People in the Los Angeles region suffered a huge blow when local regulators at the South Coast Air Quality Management District accepted an oil industry proposal back in December. Instead of adopting a more health-protective proposal to curb harmful smog, the air district’s appointed leaders approved a far weaker plan developed by the Western States Petroleum Association, the leading oil lobbying group in the Western U.S. The plan will amend an anti-pollution program called NOx RECLAIM in a way that benefits oil and gas interests. Now, we’re taking the air board to court for this indefensible move.
The air board’s governing board—amidst great industry protest—on Friday rejected a proposal to reconsider its decision. The leaders chose to stay the course and place oil industry profits over public health. To make matters worse, last week, the air board removed its executive officer, Barry Wallerstein, who had pushed back against industry in order to advocate for stronger pollution controls.
Usually, decisions made by the South Coast Air Quality Management District board don’t garner much attention, but the choice to accept the oil industry plan spurred an editorial in the Los Angeles Times called “Backsliding on Clean Air.” The times editorial board summed it up well when they wrote that while many California elected leaders were at the United Nations climate summit in Paris this past December, “Southern California officials decided to make it easier for oil refineries, power plants and other big industrial operations to keep spewing smoggy emissions.”
The plan put forth by the petroleum association amends a regional pollution trading program called NOx RECLAIM. “NOx” is short for nitrogen oxides, which are harmful pollutants that, when mixed with volatile organic compounds and baked in the sun, form smog. NOx are generated by burning fossil fuels, and they’re a major contributor to the blankets of smog that cover Los Angeles for more than a third of the year. Instead of adopting “command-and-control” rules to directly regulate the region’s largest stationary sources of pollution, such as refineries, power plants and factories, Los Angeles has used this pollution trading system.
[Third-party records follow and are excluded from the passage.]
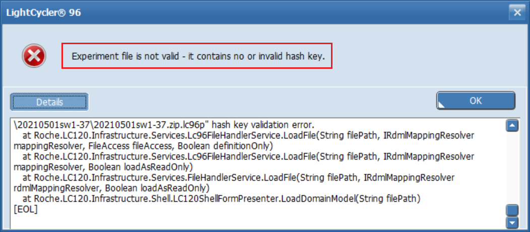 [2022-08-09 22:17:28,953][ERROR][Logger:Roche.LC120.Infrastructure.Shell.LC120ShellFormPresenter][Thread:1][Source:LC120ShellFormPresenter.HandleFileLoadingException:0] Error while loading file "D:\Minuy\Desktop\20210501sw1-37\20210501sw1-37.zip.lc96p". Roche.LC120.Infrastructure.Interface.Exceptions.InvalidHashKeyException: Lc96 file "D:\Minuy\Desktop\20210501sw1-37\20210501sw1-37.zip.lc96p" hash key validation error.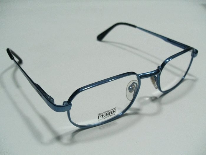 這件G FERRE 鏡架, 義大利製, 彈簧鏡架, 兩邊鏡架上面都有FERRE的LOGO. 藍色鏡架, 亮麗迷人.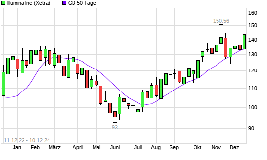 Mit dem Anstieg auf 140,26 EUR hat die Illumina-Aktie am 09.12.2024 die 50-Tage-Linie nach oben gekreuzt.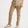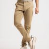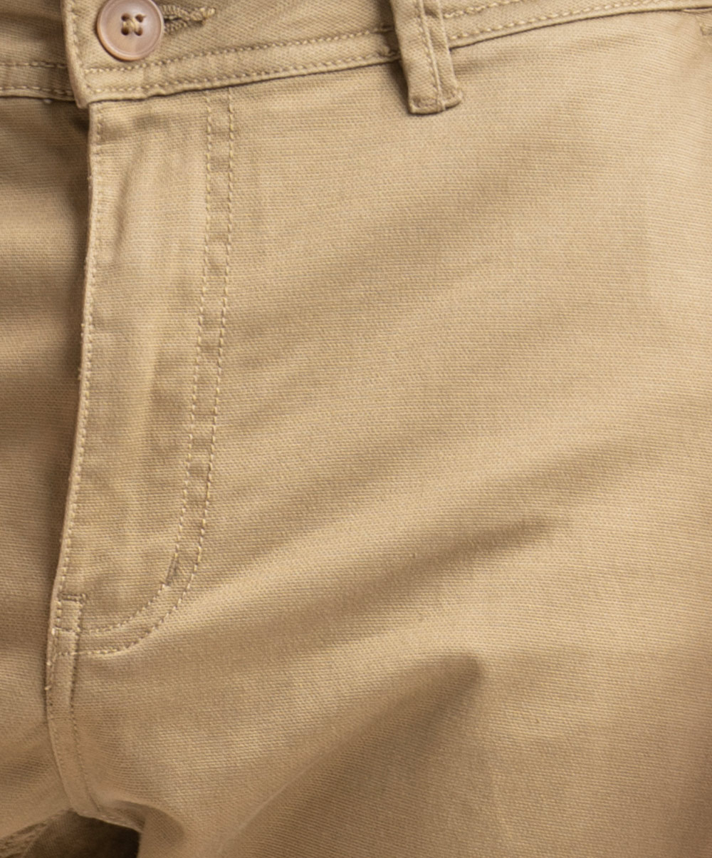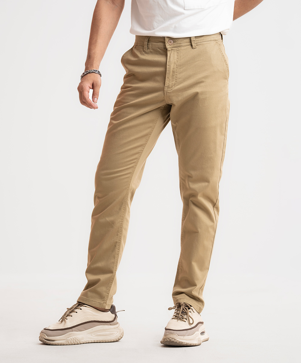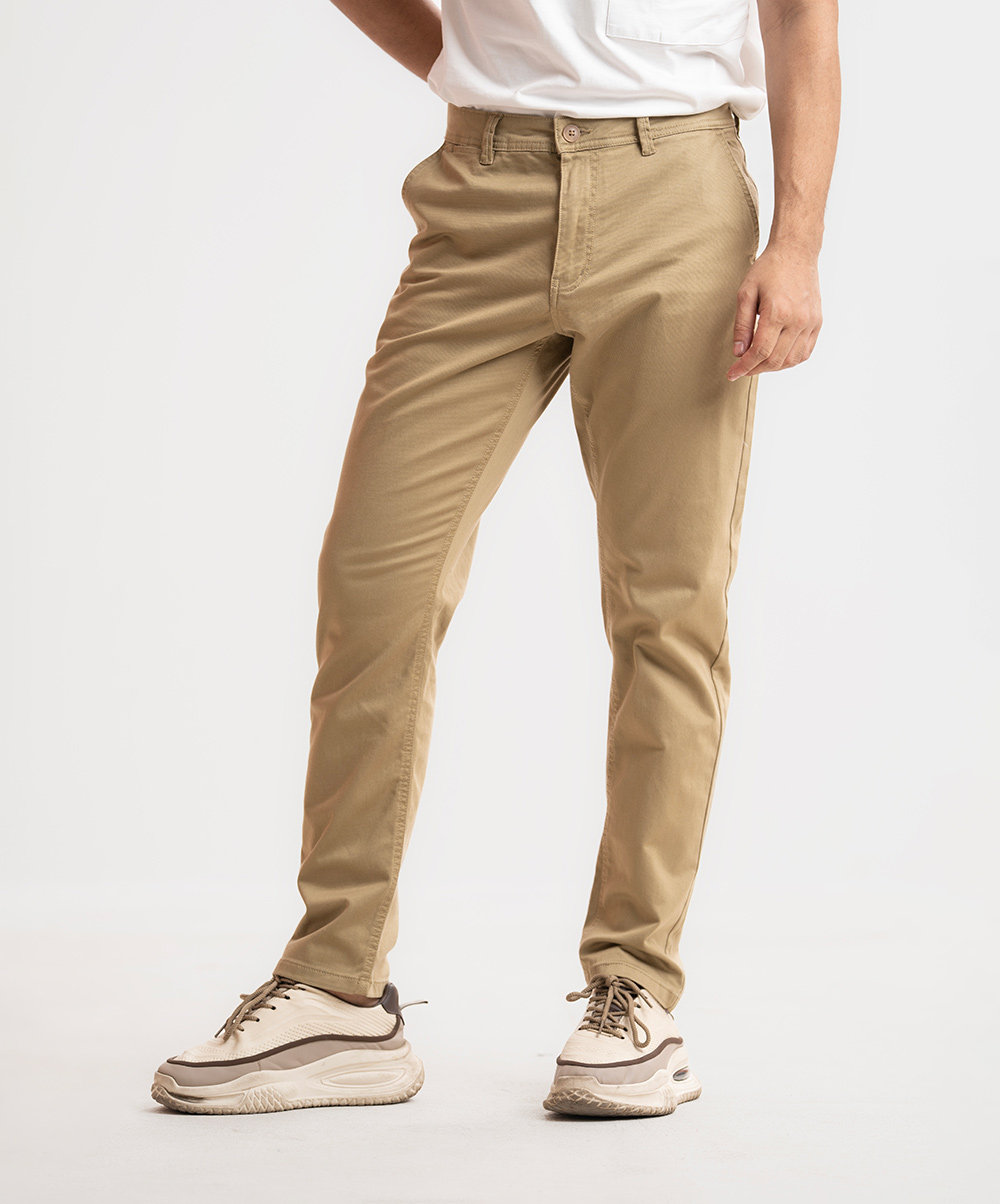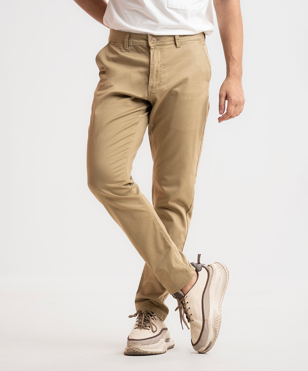 Men’s chinos in blended cotton fabric. Front zip fly with button, diagonal side pockets, and welt back pockets.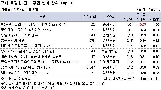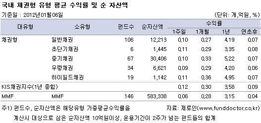 연 초 이후 단기물 금리하락과 지속되는 유로존 불안감의 여파로 국내채권펀드 수익률은 소폭 상승했다.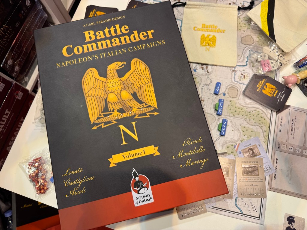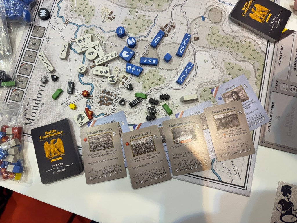 We then got a quick look at the near final production copy of Battle Commander Vol.1 – Napoleon’s Italian Campaigns designed by Carl Paradis. Battle Commander is a new Napoleonics system at Brigade/Division scale, which is very playable, with no downtime or complex computations or mechanics. Game pieces will be painted-on wood blocks of different shapes, so no annoying stickers to apply, you’ll have a couple dozen blocks per side in a game and there are no dice, almost no markers and the emphasis is on the gameplay.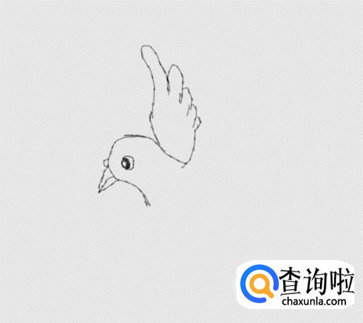 再在头部的后面画出鸽子的一只翅膀,如图所示:

It’s kind of like a stock market where people make money selling and trading, but instead of stocks, bonds or commodities like grain and steel, they are trading the right to send pollution into the lungs of Southland residents.
The basic premise of the NOx RECLAIM program is to put a cap on NOx emissions that is supposed to fall over time. In an ideal world, as pollution credits become scarcer when the cap is reduced, the credit prices increase. In this theoretical world, it would be cheaper in some cases to install pollution control devices than to pay for pollution credits.
But this is not what’s currently happening in the real world. One of the main critiques of the program is that there are too many pollution credits on the market. Under a market-based program, unless the cap is tightly tethered to the technological reality of how many emissions there should be, demand for credits will be low and their cost will be too. Too many credits mean it will remain cheaper for large polluters to buy pollution credits than to install life-saving pollution controls.
This is precisely what’s happening. There are too many credits available, and certain industries like refineries are hoarding them. The new oil industry modifications will only make the problem worse.
State leaders are aware of the dangers of poorly designed market-based programs, and the state has strict requirements to protect Californians from this exact problem. The California legislature requires that market-based programs, including NOx RECLAIM, achieve emissions cuts equal to direct pollution reduction programs. But the NOx RECLAIM program fails to live up to this standard and everyone knows it. Last month, leaders in the California senate wrote a letter calling on the air district board to “pursue immediate actions to achieve the necessary emissions reductions to comply with state and federal law.”
Today, Earthjustice, on behalf of Communities for a Better Environment, the Center for Biological Diversity and the Sierra Club, along with the Natural Resources Defense Council, filed a lawsuit challenging the air district board’s approval of this unlawful plan. Despite the fact that there is readily available technology to clean up polluting facilities, the oil industry-backed plan will do nothing to change the status quo. It will make sure pollution credits stay cheap so industry can continue to evade pollution controls and Los Angeles will continue to have the worst smog levels in the nation.
The revised NOx RECLAIM program is an unlawful sale of Los Angeles air quality to the highest bidder. Fossil fuel interests have hijacked the decision-making process, and the outcome is as bad for Southland residents as you would expect when polluting industries write the regulations that govern them. With today’s filing, Earthjustice is holding the South Coast Air Quality Management District accountable and demanding that its regulations to protect public health be determined by science, not oil industry profits.